The roles of German women have changed throughout history, especially during the past few decades, during which the culture has undergone rapid change.

Historical context[edit]

The traditional role of women in German society was often described by the so-called "four Ks" in the German language: Kinder (children), Kirche (church), Küche (kitchen), and Kleider (clothes), indicating that their main duties were bearing and rearing children, attending to religious activities, cooking and serving food, and dealing with clothes and fashion. However, their roles changed during the 20th century. After obtaining the right to vote in 1919, German women began to take on active roles previously performed by men. After the end of World War II, they were labeled as the Trümmerfrauen or "women of the rubble" because they took care of the "wounded, buried the dead, salvaged belongings", and participated in the "hard task of rebuilding war-torn Germany by simply clearing away" the rubble and ruins of war.[3]
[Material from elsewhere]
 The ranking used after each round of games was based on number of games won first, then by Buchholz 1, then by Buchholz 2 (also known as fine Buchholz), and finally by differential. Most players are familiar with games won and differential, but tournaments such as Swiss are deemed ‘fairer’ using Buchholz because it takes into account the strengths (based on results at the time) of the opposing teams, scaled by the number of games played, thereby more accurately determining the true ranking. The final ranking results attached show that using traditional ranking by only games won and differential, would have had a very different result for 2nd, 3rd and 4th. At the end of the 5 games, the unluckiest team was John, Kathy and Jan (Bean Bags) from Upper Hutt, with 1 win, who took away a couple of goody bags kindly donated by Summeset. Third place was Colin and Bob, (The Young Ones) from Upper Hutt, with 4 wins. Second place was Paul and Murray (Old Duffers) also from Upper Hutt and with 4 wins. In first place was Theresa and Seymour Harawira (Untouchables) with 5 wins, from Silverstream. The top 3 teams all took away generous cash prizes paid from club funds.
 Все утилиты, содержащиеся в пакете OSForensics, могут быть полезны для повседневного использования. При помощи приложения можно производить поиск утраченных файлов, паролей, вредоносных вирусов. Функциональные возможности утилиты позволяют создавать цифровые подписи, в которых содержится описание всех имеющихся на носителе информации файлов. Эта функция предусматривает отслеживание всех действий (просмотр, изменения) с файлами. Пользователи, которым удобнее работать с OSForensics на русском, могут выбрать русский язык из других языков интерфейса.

Although conservative in many ways, Germany nevertheless differs from other German-speaking regions in Europe, being much more progressive on women's right to be politically involved, compared to neighbouring Switzerland (where women obtained the right to vote in 1971 at federal level,[4] and at local canton level in 1990 in the canton of Appenzell Innerrhoden[5]) and Liechtenstein in 1984. In Germany, there are also strong regional differences; for instance Southern Germany (particularly Bavaria) is more conservative than other parts of Germany; while former East Germany is more supporting of women's professional life than former West Germany.[6]

Marriage and family law[edit]

Woman and her husband, both medical students, and their triplets in the East Germany (GDR) in 1984; the GDR encouraged births among educated women.
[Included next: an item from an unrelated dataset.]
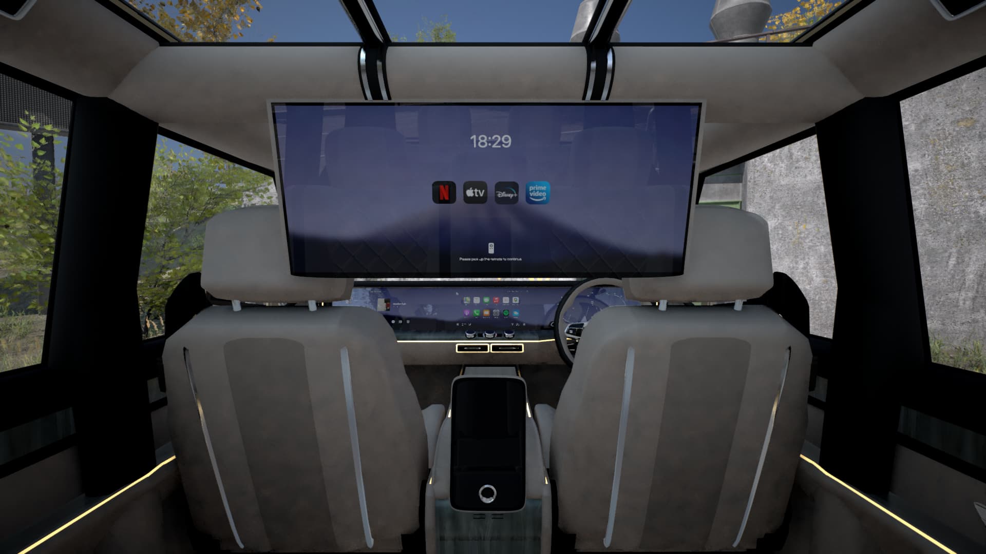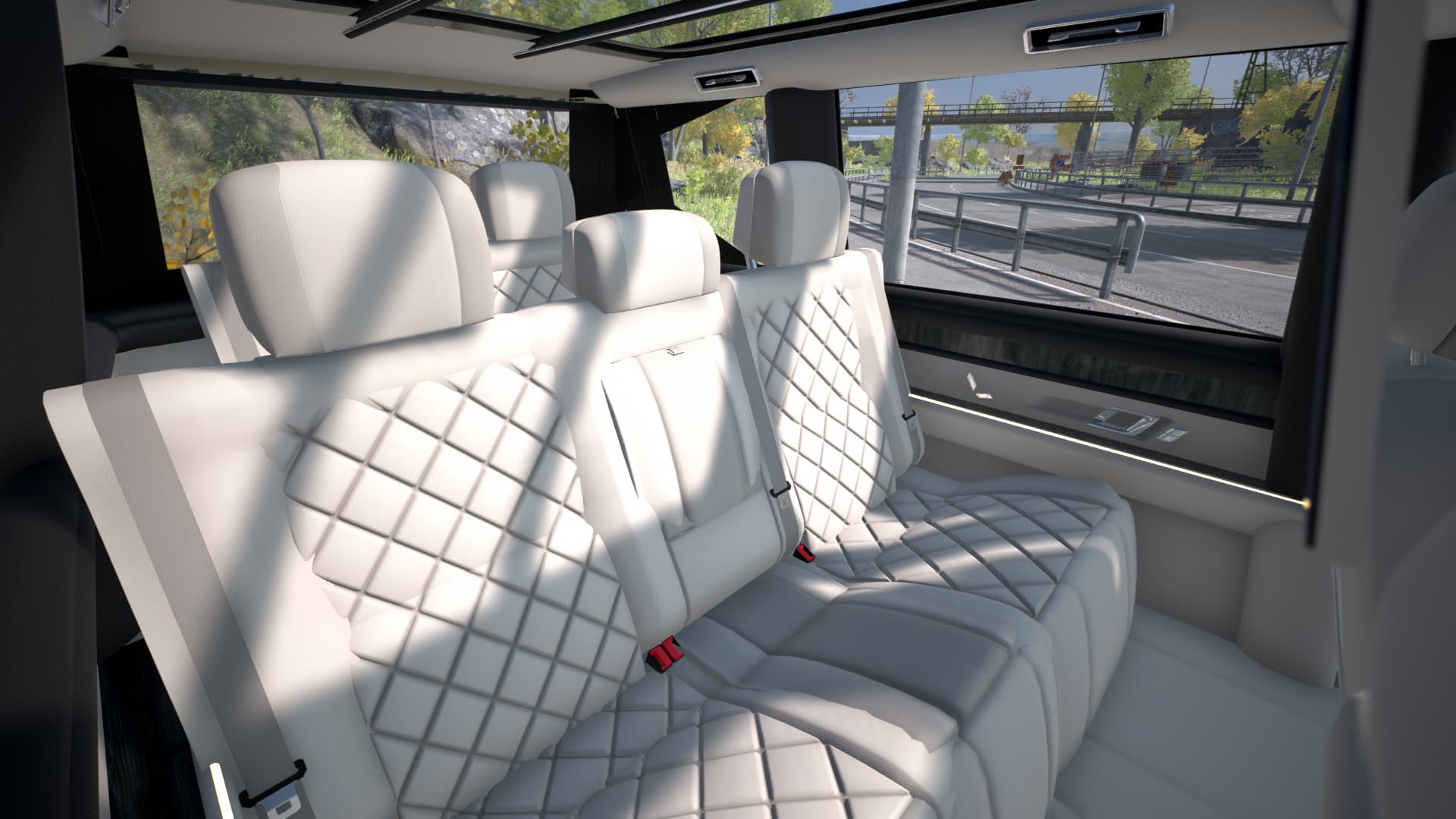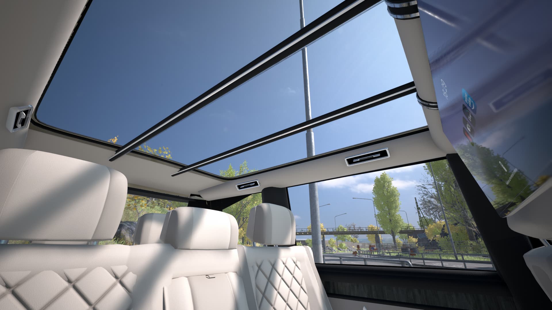 If you prefer to see the outside world, you would be delighted to see that the cinema screen can be folded up and retracted all the way back into the back of the car using these rails above. Once the screen is gone, the interior becomes a lot more airy, with the large side window and panoramic window providing great outside visibility.

Family law in West Germany, had, until recently, assigned women a subordinate role in relation to their husbands. It was only in 1977 that legislative changes provided for gender equality in marriage.[7] In East Germany however, women had more rights. In any case, until 1977 married women in Germany could not work without permission from their husbands.[8]

In 1977, the divorce law in West Germany underwent major changes, moving from a fault based divorce system to one that is primarily no fault. These new divorce regulations, which remain in force today throughout Germany, stipulate that a no-fault divorce can be obtained on the grounds of one year of de facto separation if both spouses consent, and three years of de facto separation if only one spouse consents. There is also provision for a "speedy divorce" which can be obtained on demand by either spouse, without the necessary separation period, if it is proved in court that the continuation of the marriage would constitute an unreasonable hardship for the petitioner for reasons related to the behavior of the other spouse; this exemption requires exceptional circumstances and is considered on a case-by-case basis.[9][10]
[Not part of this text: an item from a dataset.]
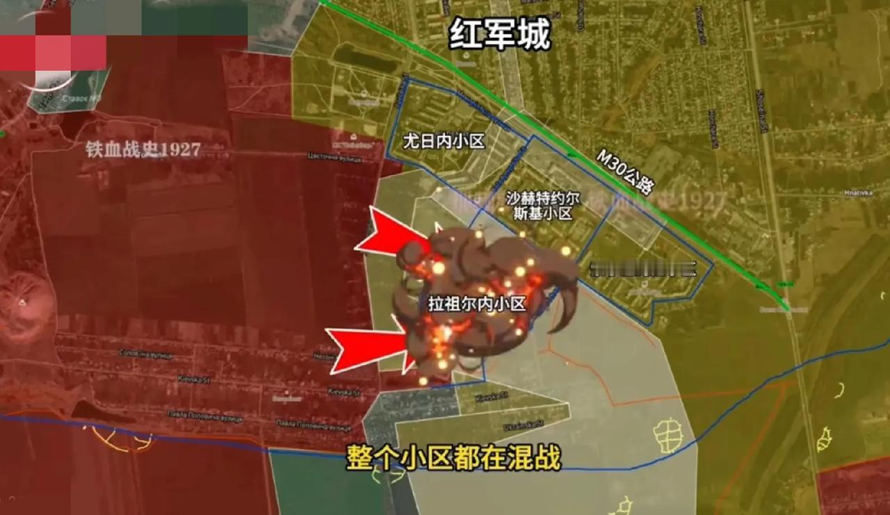 红军城城区最新战况:过去一天,俄军向红军城南部和西部发起猛攻,并取得显著进展。在

In recent years, in Germany, as in other Western countries, there has been a rapid increase in unmarried cohabitation and births outside of marriage.[11] As of 2014, 35% of births in Germany were to unmarried women.[12] There are, however, marked differences between the regions of the former West Germany and East Germany: significantly more children are born out of wedlock in eastern Germany than in western Germany: in 2012, in eastern Germany 61.6% of births were to unmarried women, but in western Germany only 28.4%.[6]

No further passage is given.